Last updated: 16 hours ago
After 5 yeas of existence spent appropriating the repertoire of negro spiritual on many stages and on the occasion of a first album "live", Free River signs a new opus, recorded in studio, essentially access to the composition, with a well-affirmed universe that gives the group the feeling of the real beginning ...
Tinted with jazz, soul, gospel, African music, it's not easy to put a label on the songs of Free River
Sometimes intimate and contemplative, sometimes marked by groove and dance, the quintet relies on a very wide range of sensations and invites the listener to a powerful journey of nearly an hour.
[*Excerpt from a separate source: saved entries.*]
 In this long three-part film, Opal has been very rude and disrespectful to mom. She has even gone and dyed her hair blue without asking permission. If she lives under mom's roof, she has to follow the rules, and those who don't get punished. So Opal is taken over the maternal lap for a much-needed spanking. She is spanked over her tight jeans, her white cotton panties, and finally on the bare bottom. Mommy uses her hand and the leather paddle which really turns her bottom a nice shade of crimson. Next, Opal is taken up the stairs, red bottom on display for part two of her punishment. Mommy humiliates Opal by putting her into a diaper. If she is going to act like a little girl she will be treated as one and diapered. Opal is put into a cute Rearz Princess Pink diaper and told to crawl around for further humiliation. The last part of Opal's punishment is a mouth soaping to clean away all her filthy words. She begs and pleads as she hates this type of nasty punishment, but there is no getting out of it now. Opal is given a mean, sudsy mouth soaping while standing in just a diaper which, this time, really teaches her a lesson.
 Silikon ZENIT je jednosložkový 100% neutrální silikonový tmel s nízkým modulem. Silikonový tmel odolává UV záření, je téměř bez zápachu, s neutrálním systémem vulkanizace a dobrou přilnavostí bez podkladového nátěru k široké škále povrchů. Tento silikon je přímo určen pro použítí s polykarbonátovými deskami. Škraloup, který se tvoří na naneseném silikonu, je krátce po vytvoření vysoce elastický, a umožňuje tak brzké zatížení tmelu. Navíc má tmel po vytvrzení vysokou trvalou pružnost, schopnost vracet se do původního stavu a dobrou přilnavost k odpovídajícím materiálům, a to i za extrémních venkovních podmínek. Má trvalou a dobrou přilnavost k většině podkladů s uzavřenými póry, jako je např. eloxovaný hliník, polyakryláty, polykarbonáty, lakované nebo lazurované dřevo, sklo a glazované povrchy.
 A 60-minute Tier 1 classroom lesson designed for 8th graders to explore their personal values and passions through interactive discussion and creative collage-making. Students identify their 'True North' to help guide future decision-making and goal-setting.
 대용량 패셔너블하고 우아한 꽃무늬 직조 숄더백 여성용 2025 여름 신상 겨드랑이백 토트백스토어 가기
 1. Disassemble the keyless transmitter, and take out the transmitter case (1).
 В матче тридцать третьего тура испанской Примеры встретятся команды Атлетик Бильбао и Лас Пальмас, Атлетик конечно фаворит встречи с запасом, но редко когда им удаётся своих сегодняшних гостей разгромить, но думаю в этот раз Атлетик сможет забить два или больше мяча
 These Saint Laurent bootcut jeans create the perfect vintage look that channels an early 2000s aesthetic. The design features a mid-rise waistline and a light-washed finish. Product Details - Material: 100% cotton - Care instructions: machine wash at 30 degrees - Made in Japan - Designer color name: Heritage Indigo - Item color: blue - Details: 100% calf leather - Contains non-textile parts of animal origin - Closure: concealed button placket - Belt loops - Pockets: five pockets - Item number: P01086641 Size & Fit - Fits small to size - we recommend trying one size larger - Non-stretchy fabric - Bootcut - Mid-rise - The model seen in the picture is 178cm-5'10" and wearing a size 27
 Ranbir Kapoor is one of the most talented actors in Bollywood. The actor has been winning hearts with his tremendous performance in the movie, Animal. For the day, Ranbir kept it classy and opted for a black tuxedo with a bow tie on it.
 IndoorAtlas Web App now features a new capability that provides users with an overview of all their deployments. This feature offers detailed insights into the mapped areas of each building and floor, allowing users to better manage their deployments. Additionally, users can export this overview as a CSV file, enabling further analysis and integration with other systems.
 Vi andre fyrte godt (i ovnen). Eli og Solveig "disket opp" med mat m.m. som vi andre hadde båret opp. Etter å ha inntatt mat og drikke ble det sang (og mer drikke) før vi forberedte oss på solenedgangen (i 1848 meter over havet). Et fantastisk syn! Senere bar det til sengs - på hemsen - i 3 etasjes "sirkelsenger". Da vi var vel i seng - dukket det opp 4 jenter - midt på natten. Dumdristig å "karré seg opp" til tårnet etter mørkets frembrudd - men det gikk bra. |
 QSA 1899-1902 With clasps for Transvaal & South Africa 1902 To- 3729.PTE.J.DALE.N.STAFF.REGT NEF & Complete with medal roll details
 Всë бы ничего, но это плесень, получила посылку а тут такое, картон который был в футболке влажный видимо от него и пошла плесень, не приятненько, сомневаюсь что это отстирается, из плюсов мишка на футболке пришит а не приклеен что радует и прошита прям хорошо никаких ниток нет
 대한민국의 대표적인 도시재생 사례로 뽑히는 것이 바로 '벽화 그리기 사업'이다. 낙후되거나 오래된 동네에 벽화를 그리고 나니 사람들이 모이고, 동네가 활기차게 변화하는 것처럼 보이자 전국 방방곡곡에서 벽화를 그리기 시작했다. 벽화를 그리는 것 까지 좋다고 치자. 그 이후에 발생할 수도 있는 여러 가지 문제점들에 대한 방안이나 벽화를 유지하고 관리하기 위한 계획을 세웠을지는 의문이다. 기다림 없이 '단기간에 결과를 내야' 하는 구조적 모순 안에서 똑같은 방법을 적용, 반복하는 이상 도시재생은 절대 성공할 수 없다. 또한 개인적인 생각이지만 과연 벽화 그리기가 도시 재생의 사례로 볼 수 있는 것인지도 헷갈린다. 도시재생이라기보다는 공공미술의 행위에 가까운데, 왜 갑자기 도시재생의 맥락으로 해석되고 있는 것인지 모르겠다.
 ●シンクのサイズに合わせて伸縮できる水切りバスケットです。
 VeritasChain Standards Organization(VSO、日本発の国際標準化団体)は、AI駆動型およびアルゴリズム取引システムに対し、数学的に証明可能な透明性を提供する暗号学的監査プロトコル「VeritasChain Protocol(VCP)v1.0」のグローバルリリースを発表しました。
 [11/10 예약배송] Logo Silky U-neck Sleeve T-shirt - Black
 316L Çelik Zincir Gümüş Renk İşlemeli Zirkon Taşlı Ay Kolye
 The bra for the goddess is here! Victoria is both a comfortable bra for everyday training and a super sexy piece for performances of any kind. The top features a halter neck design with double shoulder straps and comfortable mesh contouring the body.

The diva Emma Lamadji (who has illustrated around Oumou Sangaré, Eric Bibb, Joe Bowie ...), is free to express all his immense range of emotions, defending his texts in English and sometimes sango , the language of his country of origin, the Central African Republic.
Matia Levréro, (guitar, composition, chorus) true "brother of soul" of the singer and eternal militant for the bridges between the styles, jostles once again the musical borders, with passion and softness ...
We also find virtuosos Samuel Mastorakis (vibraphone, Marimba, choirs), Joan Eche Puig (bass, double bass, composition, choirs), Quentin Boursy and Maxime Rouayroux (percussion drums, choirs), as well as Tunisian percussionist Imed Alibi (guest on a title).
Tinted with jazz, soul, gospel, African music, it's not easy to put a label on the songs of Free River
Sometimes intimate and contemplative, sometimes marked by groove and dance, the quintet relies on a very wide range of sensations and invites the listener to a powerful journey of nearly an hour.
The diva Emma Lamadji (who has illustrated around Oumou Sangaré, Eric Bibb, Joe Bowie ...), is free to express all his immense range of emotions, defending his texts in English and sometimes sango , the language of his country of origin, the Central African Republic.
Matia Levréro, (guitar, composition, chorus) true "brother of soul" of the singer and eternal militant for the bridges between the styles, jostles once again the musical borders, with passion and softness ...
We also find virtuosos Samuel Mastorakis (vibraphone, Marimba, choirs), Joan Eche Puig (bass, double bass, composition, choirs), Quentin Boursy and Maxime Rouayroux (percussion drums, choirs), as well as Tunisian percussionist Imed Alibi (guest on a title).